Meta-analysis of the ability of mutational profiles on the cancer genome atlas to predict prognosis in endometrial carcinoma.

Abstract

Background: In 2013, The Cancer Genome Atlas Research Network suggested that endometrial carcinoma patients may be reclassified into four molecular prognostic groups.

Objective: To compare survival of endometrial carcinoma patients with different mutational profiles.

Search strategy: Studies reporting survival of endometrial carcinoma patients were identified through systematic searches of four databases.

Selection criteria: We included relevant studies based on the literature type, data integrity and the methodological quality.

Data collection and analysis: The pooled survival data were compared among patients with different mutational profiles. Heterogeneity in the pooled data was assessed using the I² statistic.

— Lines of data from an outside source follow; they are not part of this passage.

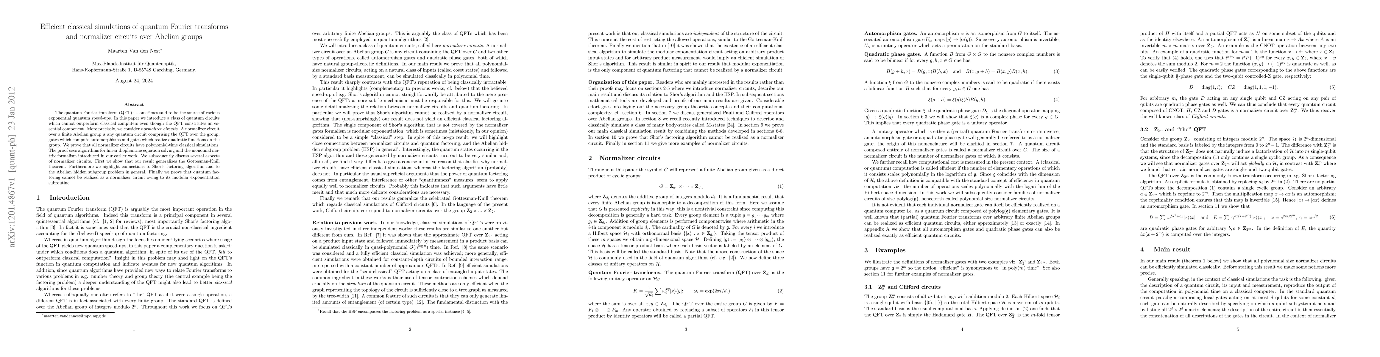 This paper demonstrates that quantum Fourier transforms (QFT) within normalizer circuits over Abelian groups can be efficiently simulated classically, despite the QFT's role in quantum speed-ups. The authors prove that these circuits, which include QFTs, automorphism gates, and quadratic functions, can be classically simulated in polynomial time, thus negating their potential for quantum advantage.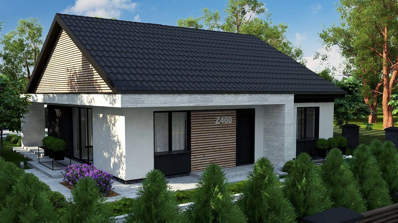 Визуал современного дома с двускатной крышей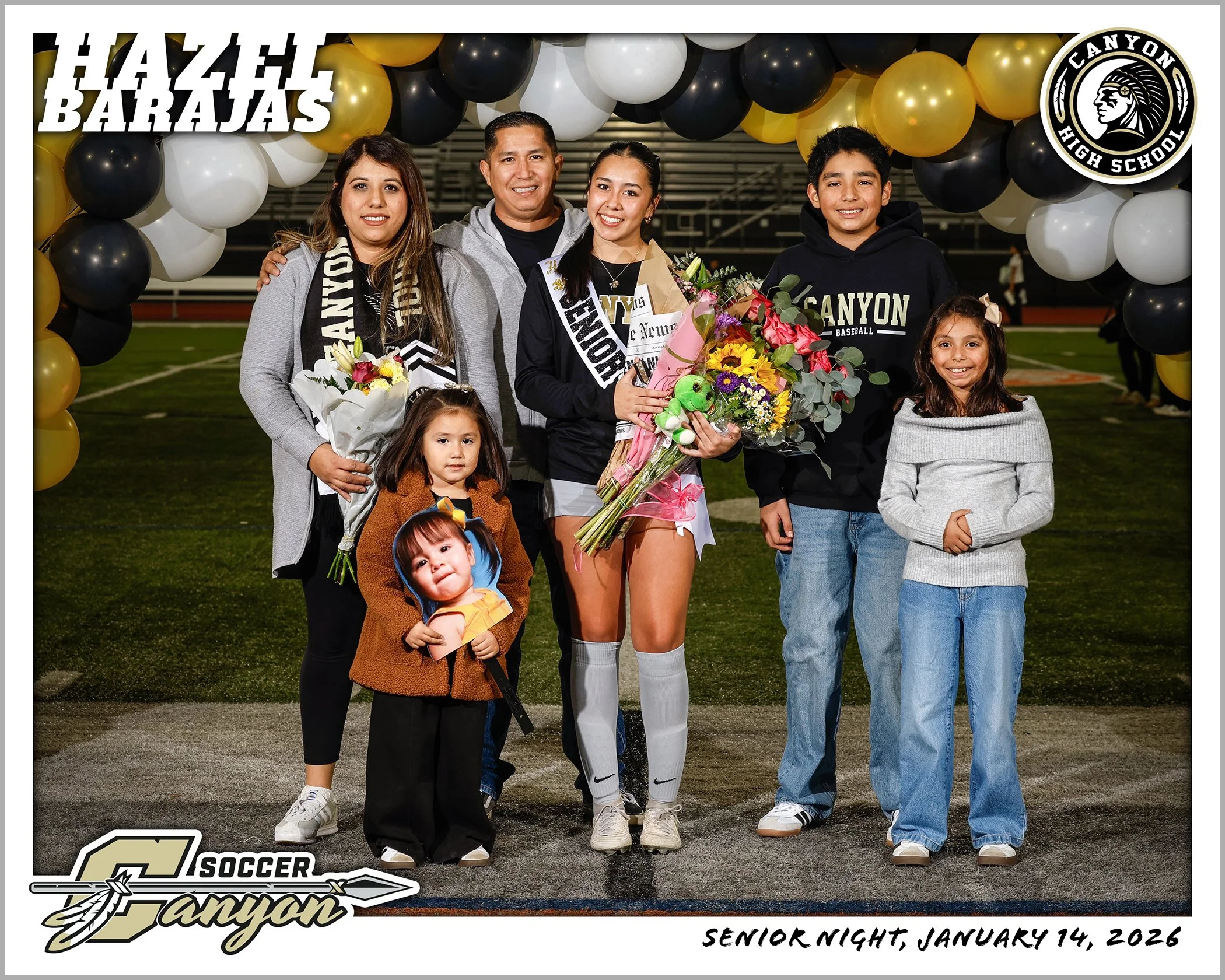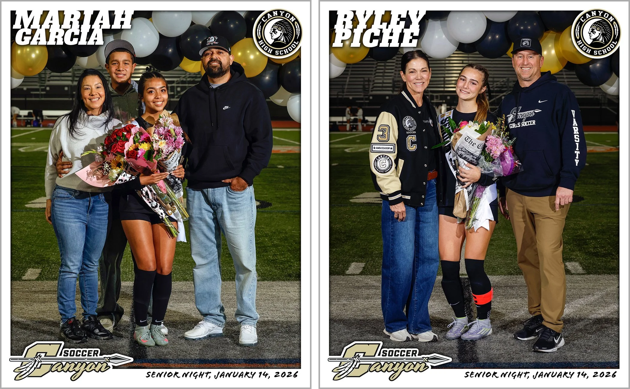 I like doing these ceremonies and that’s a good thing because I have a few more to post! When I got to the field there was two girls just settling in to make the balloon arch. I was worried that it wasn’t going to get done in time with just two girls! Balloons kept popping! Soon a crew of 4-5 more ASB kids arrived and the project was kicked into high gear and it was done in a flash. Teamwork! I’ve shot Canyon’s Girls Soccer a couple of times before and it’s always a large group. Here’s the first one in 2023. I didn’t stay for the actual game this year, but I did shoot the team in action against El Dorado the following night. I’ll post those photos eventually. This gallery is paid for and set up for downloading. Here’s the instructions. I have prints coming for all the girls, but if you need extras you can order discounted prints from here as well. Here is the 2026 Senior Night Gallery (CLICK). B

Main results: Data were meta-analyzed from nine studies involving 4755 patients, who were classified into the following mutational profiles: p53abn, 745 patients (15.6%); MMRd, 1454 patients (30.6%); POLEmut, 351 patients (7.4%); and p53wt, 2205 patients (46.4%). Compared to the p53wt group, the p53abn group showed significantly worse overall survival (OS) (HR 2.31, 95% CI: 1.67-3.19), progression-free survival (PFS) (HR 2.86, 95% CI: 1.45-5.64) and disease-specific survival (HR 2.60, 95% CI: 1.41-4.79); and the MMRd group showed significantly worse OS (HR 1.30, 95% CI: 1.11-1.53) and PFS (HR 1.27, 95% CI: 1.01-1.59). The POLEmut group, in contrast, showed similar survival as the p53wt group.

Conclusions: The four mutational profiles for patients with endometrial carcinoma in the Cancer Genome Atlas for Endometrial Cancer are associated with worse to better survival in the trend: p53abn < MMRd < POLEmut ≈ p53wt. Mutational profiling may be useful for stratifying endometrial carcinoma patients by survival risk, which in turn may improve their management.